DeepSeek responds for the first time to the questioning of OpenAI regarding distillation.

date
18/09/2025
On September 18th, DeepSeek once again caused a sensation. The DeepSeek-R1 research paper, completed jointly by the DeepSeek team with Liang Wenfeng as the corresponding author, made it to the cover of the international authoritative journal "Nature". In January of this year, DeepSeek had released an initial preprint version of the paper on arxiv. Compared to that version, the one published in "Nature" included more model details and reduced anthropomorphic descriptions. In the supplementary materials, DeepSeek mentioned that the training cost of the R1 model was only $294,000, and addressed the initial doubts regarding using OpenAI for distillation.
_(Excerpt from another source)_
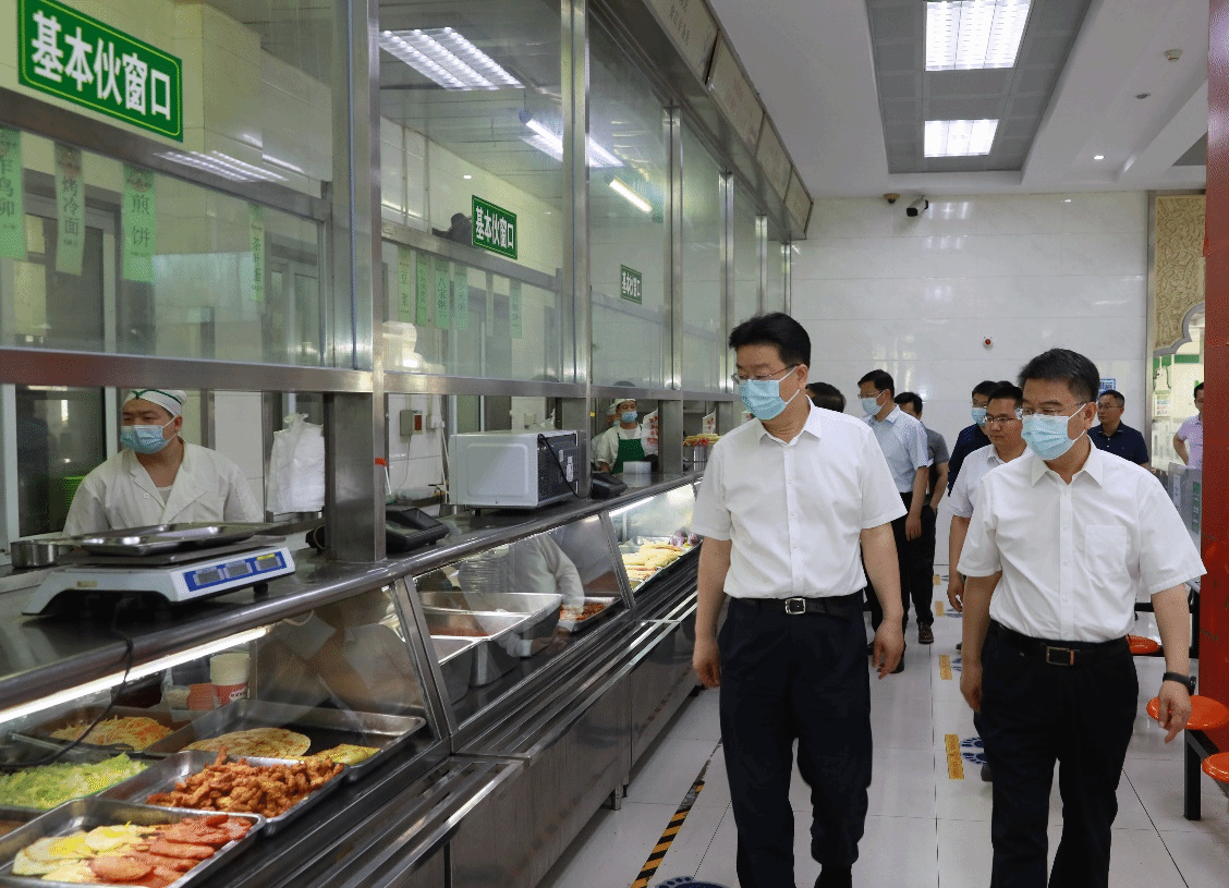 游钧一行先后来到学校东门、理工楼负一层、文华楼一层、学生第四餐厅、学生第三餐厅、健康驿站等场所,实地考察了师生工作学习生活环境,听取相关情况汇报,详细了解校门出入管理、危化药品存放库使用、平安校园管理服务、餐厅安全生产及就餐环境、健康驿站管理使用等情况。

In January of this year, there were reports suggesting that researchers from OpenAI believed DeepSeek may have used the outputs of OpenAI models to train R1, which could accelerate model improvement with fewer resources. In the supplementary information section of the paper, DeepSeek responded to questions about the source of training data for DeepSeek-V3-Base. "The training data for DeepSeek-V3-Base comes solely from ordinary web pages and e-books, without any synthetic data. During the pretraining cooling phase, we did not intentionally incorporate any synthetic data generated by OpenAI, as all data used in this phase was obtained through web crawling," DeepSeek stated.